Он пошел на ЭТО еще и потому, что принадлежал к блистательной плеяде директоров-романтиков, еще со времен НЭПа и тридцатых годов, знавших досконально театральное дело и, главное, любивших не только само это дело, но прежде всего людей, его делавших, — он любил ТАЛАНТ, служил ТАЛАНТУ, и этим все сказано.
Преклоняясь перед Вардзиели и Двориным, я отдаю должное допотопному театральному Служению, которое нынче редкость. Вся штука в том, что оба «всё понимали», но думали и поступали в те темные времена, исходя из своих собственных представлений о ценностях жизни.
Папа Сава, к примеру, сразу сказал:
— Когда меня из-за вас уволят, вас уже ничто и никто не спасет, запомните.
Как в воду глядел. Папа Сава был нашим щитом. Правда, его не уволили. Он сам ушел из жизни — аккурат в начале «пражской весны» 68-го года, а в декабре 69-го нас «ликвидировали».
На месте Дворина оказался юный приспособленец Ваня Несвит, которого я не мог физически переносить сидящим в директорском кабинете в кресле папы Савы. Ваня был типичный Молчалин с приветливой улыбкой на комсомольском лице — его подпись на последнем приказе стоит и сейчас у меня перед глазами.
— Пойми, — шептал мне Ваня на ухо, — я не антисемит, но… что я могу?.. Я же ничего не могу.
И действительно, что он мог?.. Он же ничего не мог.
это мы пели со сцены в спектакле «Вечер русской сатиры» — знаменитые стихи Саши Черного были положены мною на собственную музыку.
— Сними! — говорили мне со всех сторон. — Это сегодня не в жилу.
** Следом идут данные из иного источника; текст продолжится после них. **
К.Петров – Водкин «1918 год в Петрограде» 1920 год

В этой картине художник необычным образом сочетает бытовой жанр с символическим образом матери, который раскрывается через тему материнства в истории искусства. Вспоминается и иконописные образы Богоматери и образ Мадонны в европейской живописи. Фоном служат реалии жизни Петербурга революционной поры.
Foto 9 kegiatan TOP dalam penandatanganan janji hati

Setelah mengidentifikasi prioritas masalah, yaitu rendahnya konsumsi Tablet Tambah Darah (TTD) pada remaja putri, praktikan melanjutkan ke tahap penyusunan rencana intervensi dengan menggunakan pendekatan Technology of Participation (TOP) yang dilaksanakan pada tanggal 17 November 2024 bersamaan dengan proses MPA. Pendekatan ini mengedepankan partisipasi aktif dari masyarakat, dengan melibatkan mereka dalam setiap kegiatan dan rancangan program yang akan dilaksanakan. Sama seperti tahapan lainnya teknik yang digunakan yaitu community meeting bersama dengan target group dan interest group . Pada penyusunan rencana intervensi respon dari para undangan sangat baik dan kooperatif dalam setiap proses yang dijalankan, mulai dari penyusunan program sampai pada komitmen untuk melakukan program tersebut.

Я не снимал, понимая, что «это» будет «не в жилу» всегда.
А в спектакле «Сказание про царя Макса-Емельяна» впервые прозвучала песенка «Кихелэх и земелэх» — на стихи Моисея Тейфа, поэта-фронтовика и поэта-лагерника. Мелодию этой песни я сочинил потому, что был буквально потрясен переводом Юнны Мориц, сделавшей идиш великолепно звучащим по-русски.
И снова:
— Сними!.. Спектакль не пойдет, если в нем будет эта песня.
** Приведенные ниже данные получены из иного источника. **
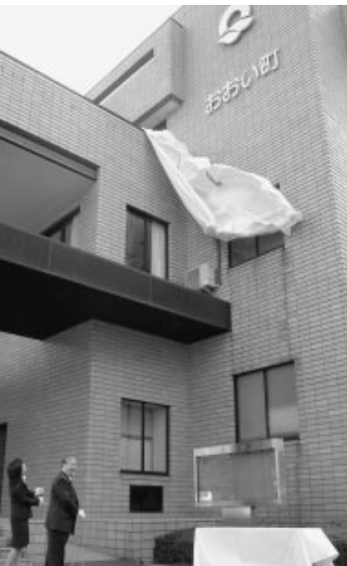
▲かけ声に合わせて幕が下り、おおい町の銘板が顔を出すと、職員から歓声と拍手がわき起こった。

Конечно, я спрашивал в парткомах-профкомах:
Но почему?.. Это же антифашистская, антигитлеровская песня!
Знаете, какой был ответ?
— Да, антифашистская… Но не надо эту тему акцентировать.
Я удивлялся:
— Как не надо?.. Почему не надо?
— Потому, что это еврейская тема. Антифашистская, но — еврейская.
— А что?.. Еврейская антифашистская тема у нас запрещена?
— Кто сказал «запрещена»?.. Мы сказали «не надо акцентировать», а это совсем другое.
— То же самое.
— Нет, товарищ Розовский, мы ничего не запрещаем. Мы советуем. Рекомендуем. Но если вы не слышите наших советов, если не идете нам навстречу, вы идете против. Значит, вы не понимаете политики партии, не разделяете наших взглядов.
Антисемитских взглядов, сами понимаете, я не разделял.
Но эти разговоры вел до бесконечности. Я их брал измором.
Они не давали играть спектакль, я не убирал из спектакля песню «Кихелэх и земелэх».
— Да убери ты ее. И без нее спектакль хорош.
— Не уберу.
— Ну и дурак. Спектакль дороже, чем одна какая-то песня.
— Не какая-то.
— Что ты такой упертый?..
— Я не упертый.
— А кто же ты?
— Я — еврей, — сказал я. — А вы — фашисты тут все.
Что началось!.. Поднялся страшный ор.
Я ушел, хлопнув дверью.
Наступило лето, каникулы. Потом сентябрь, октябрь… «Переговоры» были приостановлены…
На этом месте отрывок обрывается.